───── DATA FOR THE TASK
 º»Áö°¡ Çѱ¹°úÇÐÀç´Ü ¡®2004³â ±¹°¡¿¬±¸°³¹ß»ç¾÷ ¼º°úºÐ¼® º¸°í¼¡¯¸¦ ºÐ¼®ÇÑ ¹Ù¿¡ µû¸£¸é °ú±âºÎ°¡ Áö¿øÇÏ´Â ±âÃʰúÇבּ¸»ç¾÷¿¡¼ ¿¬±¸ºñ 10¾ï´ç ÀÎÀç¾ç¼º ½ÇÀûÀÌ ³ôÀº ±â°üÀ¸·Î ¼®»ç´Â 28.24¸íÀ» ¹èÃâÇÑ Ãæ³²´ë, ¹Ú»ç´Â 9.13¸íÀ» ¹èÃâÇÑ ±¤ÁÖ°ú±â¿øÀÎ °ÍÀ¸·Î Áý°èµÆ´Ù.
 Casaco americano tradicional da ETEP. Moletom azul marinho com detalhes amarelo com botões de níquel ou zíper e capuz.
──────────
───── DATA FOR THE TASK
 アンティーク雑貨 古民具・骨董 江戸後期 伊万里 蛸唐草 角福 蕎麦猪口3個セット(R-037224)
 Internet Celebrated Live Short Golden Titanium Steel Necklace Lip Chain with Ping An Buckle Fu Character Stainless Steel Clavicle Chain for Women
──────────
WORK INSTRUCTION => Restate word for word the lines in the material above from the one with "アンティーク雑貨 古民具・骨董 江戸後期" to the one with "Internet Celebrated Live"; both of those lines count, and nothing else does.

ANSWER SECTION =>
 アンティーク雑貨 古民具・骨董 江戸後期 伊万里 蛸唐草 角福 蕎麦猪口3個セット(R-037224)
 Internet Celebrated Live Short Golden Titanium Steel Necklace Lip Chain with Ping An Buckle Fu Character Stainless Steel Clavicle Chain for Women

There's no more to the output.